We will address after hearings in Phase I.B whether Sempra or SET influenced SoCalGas or SDG&E to take actions that may have contributed to high border prices and whether there was a sharing of confidential information between the regulated companies and their parent or affiliates. However, there is already evidence in the Phase I.A record that a significant amount of confidential information was regularly reported to the Sempra Energy Risk Management Oversight Committee (ERMOC) and specifically to Mark Randle, Sempra's Vice President of Risk Management. Randle was a member of SoCalGas' Gas Acquisition Committee, which met monthly and discussed market conditions, SoCalGas' purchasing, storage, and hub activities, and SoCalGas' performance under its GCIM. The ERMOC sets corporate policies and procedures for risk management and approves all major risk positions. After the ERMOC gave SoCalGas approval to increase its daily risk limits for its winter hedges, SoCalGas reported its hedging activities daily to Sempra Risk Management throughout the winter of 2000/2001 (Exhibit 90, Att. 4-2).

This evidence raises numerous questions regarding what Sempra or SoCalGas affiliates might have done with this information, and the amount of influence or control Sempra exerted over SoCalGas throughout the California energy crisis. It also raises very serious issues concerning potential violations of the Commission's standards of conduct governing the relationship between SoCalGas and its affiliates. Rather than address these issues here, we will address them after the hearing in Phase I.B is completed and we can review a complete record on these issues.

Several Phase I.A issues are uncontested. No party presented evidence that SoCalGas or SDG&E reported false trades or false prices to the trade press.
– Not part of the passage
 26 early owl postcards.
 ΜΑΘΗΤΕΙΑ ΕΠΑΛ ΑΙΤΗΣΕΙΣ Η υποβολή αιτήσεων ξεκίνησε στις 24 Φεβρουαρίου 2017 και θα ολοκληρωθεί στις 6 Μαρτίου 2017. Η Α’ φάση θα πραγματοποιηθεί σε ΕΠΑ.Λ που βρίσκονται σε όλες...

SoCalGas and SDG&E presented testimony that, while they do not have access to full information on the subject, the inaccurate reporting of gas price information by energy trading companies does not appear to have substantially affected price indices for the California border, the Permian basin, or the San Juan basin.
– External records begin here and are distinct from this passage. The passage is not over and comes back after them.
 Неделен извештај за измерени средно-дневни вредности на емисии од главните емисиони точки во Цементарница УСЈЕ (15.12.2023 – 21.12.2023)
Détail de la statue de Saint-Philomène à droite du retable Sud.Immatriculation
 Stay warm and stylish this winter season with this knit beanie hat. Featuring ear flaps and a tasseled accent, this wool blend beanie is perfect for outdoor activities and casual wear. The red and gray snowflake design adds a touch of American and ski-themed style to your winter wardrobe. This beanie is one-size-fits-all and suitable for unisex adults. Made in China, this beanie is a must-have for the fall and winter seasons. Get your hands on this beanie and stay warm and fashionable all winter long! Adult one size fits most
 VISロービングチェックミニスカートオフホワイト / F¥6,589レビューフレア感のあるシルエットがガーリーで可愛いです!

No party other than SoCalGas presented any testimony regarding SoCalGas' capacity releases. SoCalGas describes that, pursuant to the 1996 BCAP decision, 1,044 MMcfd of SoCalGas' firm capacity rights are allocated to core customers, to cover a normal year's gas demand, and SoCalGas' Capacity Products group brokers the remaining 407 MMcfd allocated to the noncore. SoCalGas explains that it did not release any of the firm interstate capacity allocated to the retail core during the subject period and that it released all interstate capacity allocated to the noncore and core aggregators on a nondiscriminatory basis to the highest bidder. No party alleged that SoCalGas' imbalance rules were improper or that, by themselves, they increased border prices during the subject period.

No party alleges that any actions of SDG&E contributed to the gas price spikes. SDG&E explains that it filled its 6 Bcf of firm storage by the start of the winter season and drew its inventory down to zero over the course of the winter, that it had no forward financial position at the border except for back-to-back transactions that gave no opportunity for financial profit, and that it had limited gas sales in comparison to its purchases at the border. No party recommends that SDG&E's Performance Based Ratemaking (PBR) incentive mechanism be modified.
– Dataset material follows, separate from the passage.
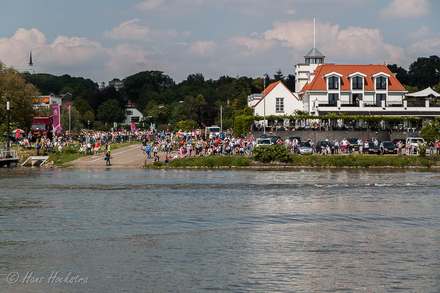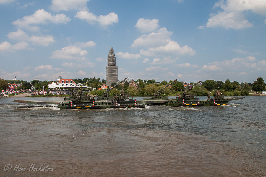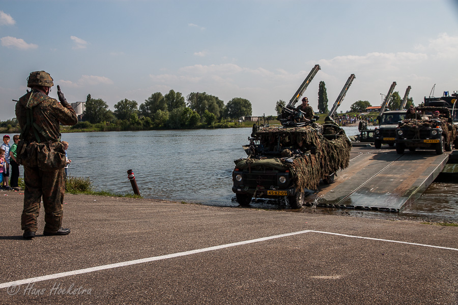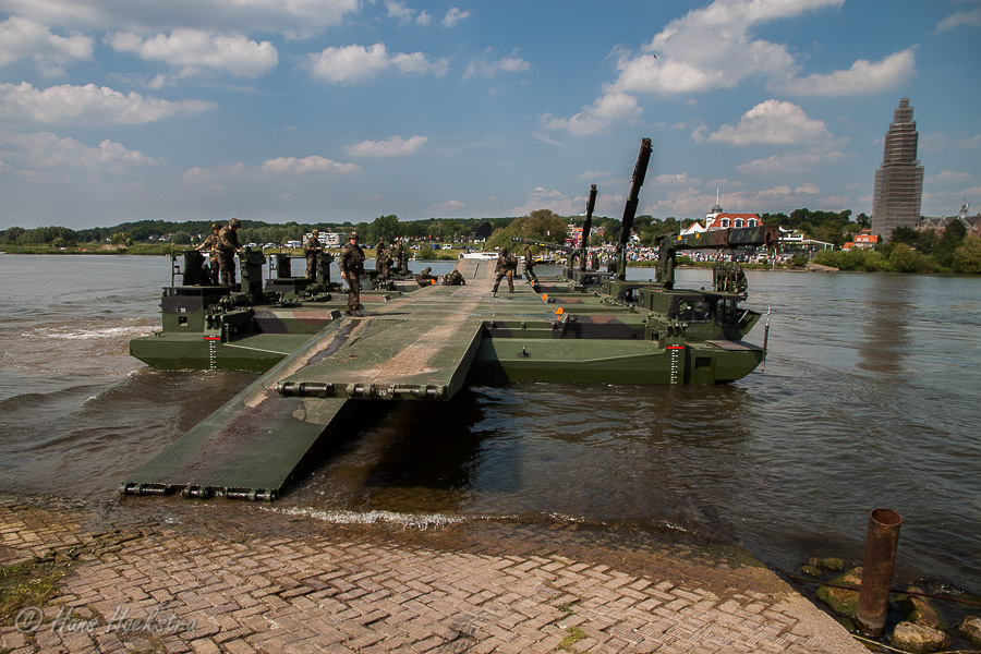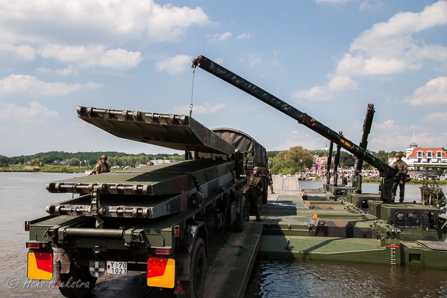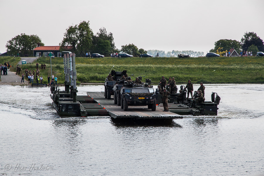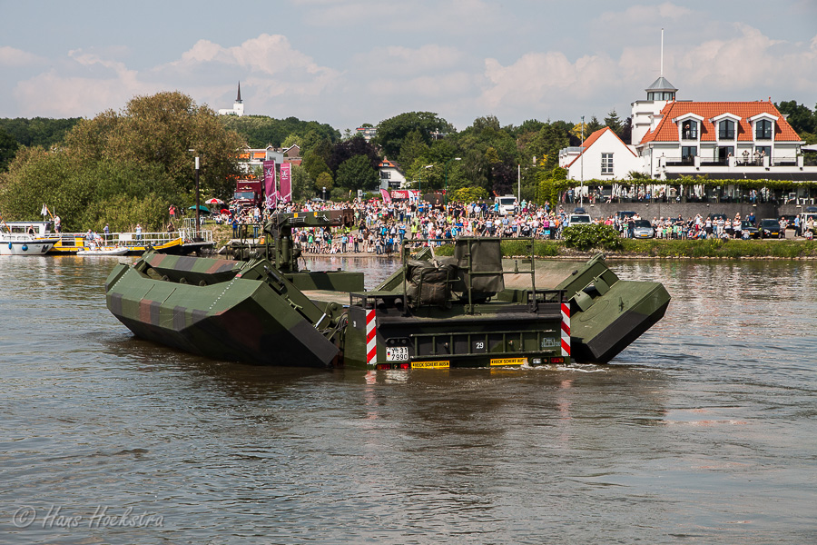 Deze oefening trok vooral aan de Rhenense kant veel bekijks, maar ook aan de Betuwse kant was genoeg publiek om het te water laten van de pontons te aanschouwen.

Eight days of evidentiary hearings were held in Phase I.A between June 29 and July 15, 2004. SoCalGas/SDG&E, Edison, PG&E, and the Office of Ratepayer Advocates (ORA) presented witnesses. The parties filed opening and reply briefs. The Phase I.A record was reopened twice, first to address the administrative treatment of certain exhibits and transcripts and second to address two additional exhibits propounded by Edison and certain information requested by the assigned ALJ, and an additional day of evidentiary hearings was held on October 25, 2004. The parties filed supplemental opening and reply briefs. Phase I.A was submitted on November 4, 2004.

On November 10, 2004, SoCalGas and SDG&E filed a motion to admit additional evidence into the Phase I.A record. We affirm the ALJ ruling denying that motion.

SoCalGas and SDG&E request that final oral argument before the Commission be scheduled.